**How to complete this task**
In the records below, repeat word for word only the lines starting at the one that contains "Волны - это" and ending at the one that contains "どぉ〜りるでルンルン くるルンルン♪思い切ってやっちゃいましょ〜 人間諦めが肝心ヨン♪", pictures excluded.

**Exercise input**
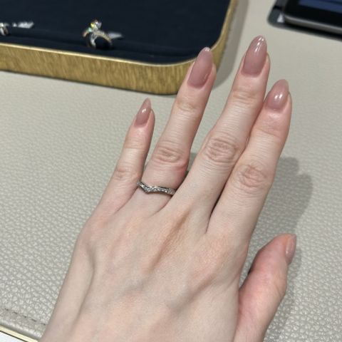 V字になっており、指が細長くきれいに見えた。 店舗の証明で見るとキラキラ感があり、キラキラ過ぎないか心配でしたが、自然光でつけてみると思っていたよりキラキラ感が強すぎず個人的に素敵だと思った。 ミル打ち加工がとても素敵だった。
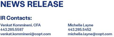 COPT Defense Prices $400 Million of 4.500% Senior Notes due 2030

--

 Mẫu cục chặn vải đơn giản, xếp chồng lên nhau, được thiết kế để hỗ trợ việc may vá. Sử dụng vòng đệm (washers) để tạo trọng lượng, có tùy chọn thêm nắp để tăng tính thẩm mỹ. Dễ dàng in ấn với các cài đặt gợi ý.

...

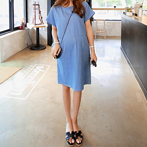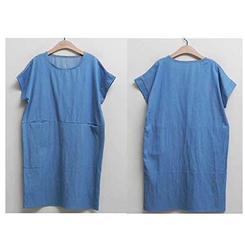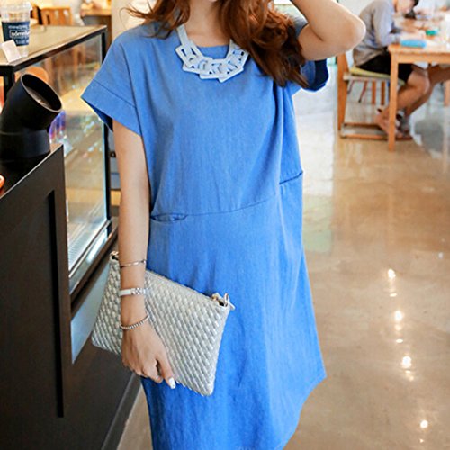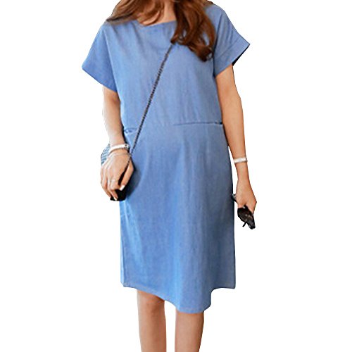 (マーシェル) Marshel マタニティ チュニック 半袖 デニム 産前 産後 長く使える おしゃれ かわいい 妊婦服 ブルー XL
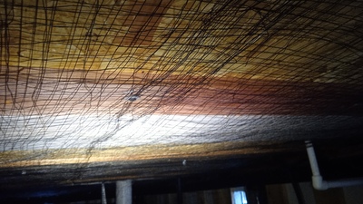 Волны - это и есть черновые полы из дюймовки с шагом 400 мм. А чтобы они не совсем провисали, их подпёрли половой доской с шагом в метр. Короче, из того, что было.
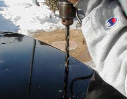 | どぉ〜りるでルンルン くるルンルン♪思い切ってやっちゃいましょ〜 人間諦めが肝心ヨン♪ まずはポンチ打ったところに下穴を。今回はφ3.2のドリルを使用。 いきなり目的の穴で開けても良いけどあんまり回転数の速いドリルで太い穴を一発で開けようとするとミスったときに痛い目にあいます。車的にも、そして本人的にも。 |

**Response below**
 Волны - это и есть черновые полы из дюймовки с шагом 400 мм. А чтобы они не совсем провисали, их подпёрли половой доской с шагом в метр. Короче, из того, что было.
 | どぉ〜りるでルンルン くるルンルン♪思い切ってやっちゃいましょ〜 人間諦めが肝心ヨン♪ まずはポンチ打ったところに下穴を。今回はφ3.2のドリルを使用。 いきなり目的の穴で開けても良いけどあんまり回転数の速いドリルで太い穴を一発で開けようとするとミスったときに痛い目にあいます。車的にも、そして本人的にも。 |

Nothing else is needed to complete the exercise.